Existe uma variação natural da produtividade biológica da zona costeira em função do regime hídrico de cada região. No Nordeste, por exemplo, a zona costeira além de ser mais fertilizada durante o período chuvoso entre maio até setembro (+ ou -) também tem mais larvas de camarões e caranguejos. O período também é propício à alimentação das ostras, sururus e bacucus, iguarias dos estuários nordestinos, devido ao maior aporte de material biogênico particulado, do qual se alimentam por filtração. O resultado é uma desova mais abundante em outubro, no final do período chuvoso.
Esses são apenas alguns aspectos importantes dessa relação entre drenagem continental de água doce e o mar. Existem inúmeras outras, tão importantes para a pesca e a integridade biológica dos sistemas marinhos costeiros.
No entanto, o equilíbrio dessa relação está sendo pouco a pouco alterado. Além do desmatamento e da poluição na bacia de drenagem dos rios que desembocam no mar, contaminando cada vez mais a zona costeira com entrada excessiva de sedimentos e produtos tóxicos, a alteração do fluxo hídrico e do volume de água dos rios na foz representa um dos piores fatores de alteração dessa relação entre água doce e a água do mar na zona costeira global. É fácil concluir que quando diminui o volume de água doce transportada para a zona costeira, sua fertilidade também diminui além dos problemas geomorfológicos tais como alterações de linha de costa. De acordo com o livro de Lord Selbourne (UNESCO, 2001), em 1986 haviam 36.235 barragens de grande porte , com mais de 15 metros de altura, em todo o mundo, e desde então uma média de 267 novas barragens foram construídas anualmente. Se essa média se manteve, estima-se que até 2006 teremos mais de 41.000 barragens grandes, além das milhares de barragens de médio e pequeno porte.
Essa retenção em massa de água doce nos continentes, somado aos milhares de projetos de transposição que desviam o fluxo hídrico para a agricultura, podem diminuir consideravelmente o fluxo de nutrientes e material orgânico particulado para a zona costeira, além de alterar os gradientes estuarinos naturais e destruir a estabilidade biológica e geológica que evoluíram em função desses gradientes e fluxos. Se isso virar moda, nós terráqueos vamos ter um problema muito sério, talvez irreversível. O ciclo não muda, mas o que muda são as quantidades de água nos reservatórios ao longo do ciclo. A alteração dos padrões globais do ciclo hidrológico. Antes havia mais água doce fluindo para a zona costeira, mas agora encontra-se retida nas barragens.

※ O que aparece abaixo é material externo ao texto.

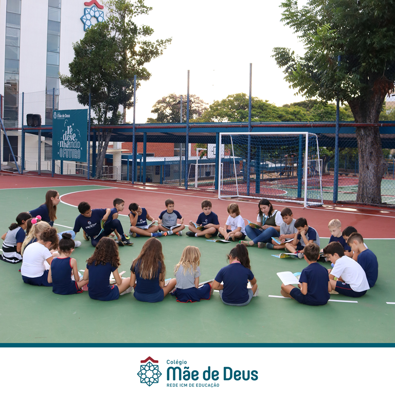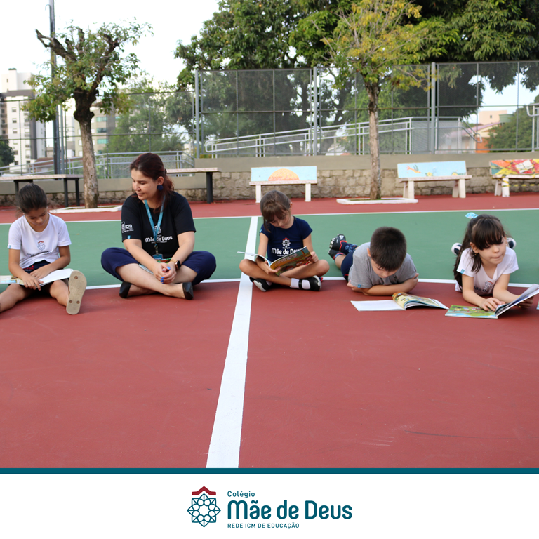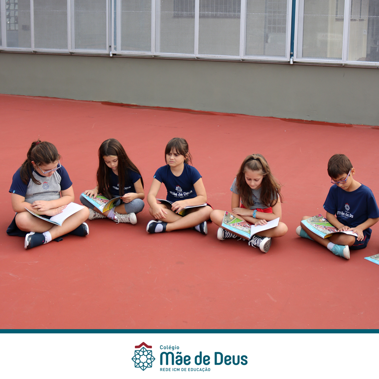 Além disso, os alunos puderam desfrutar dos espaços externos do Colégio, acompanhados de colegas e professoras para realizarem o primeiro contato com a obra.

Antes também havia mais água doce nos aquíferos, mas agora devem estar indo para o mar.
No Brasil, o caso mais grave pode ser o da foz do Rio São Francisco. Nos últimos 10 anos as barragens no Médio São Francisco retiveram sedimentos, provocando déficit de areia na foz e erosões graves da linha da costa. O resultado foi o recuo de quase 300 metros ameaçando sumir com o povoado de Cabeço. A região também se tornou menos fértil e locais de pesca tradicionais foram substituídos por outros a montante do rio, cuja desembocadura se saliniza cada vez mais à medida que o volume de água doce diminui. E isso pode se agravar pelo tão polêmico projeto de transposição de suas águas para irrigar o polígono das secas no Nordeste. Dizem que são apenas 26 metros cúbicos a menos na vazão do rio. Só que fazendo as contas isso representa uma perda anual de mais de 800 milhões de metros cúbicos de água para a zona costeira, sem contar com a areia e a matéria orgânica particulada, vitais para os processos de estabilidade geológica e para os recursos pesqueiros da região costeira. Os homens não aprendem, e o “Velho Chico” que se cuide.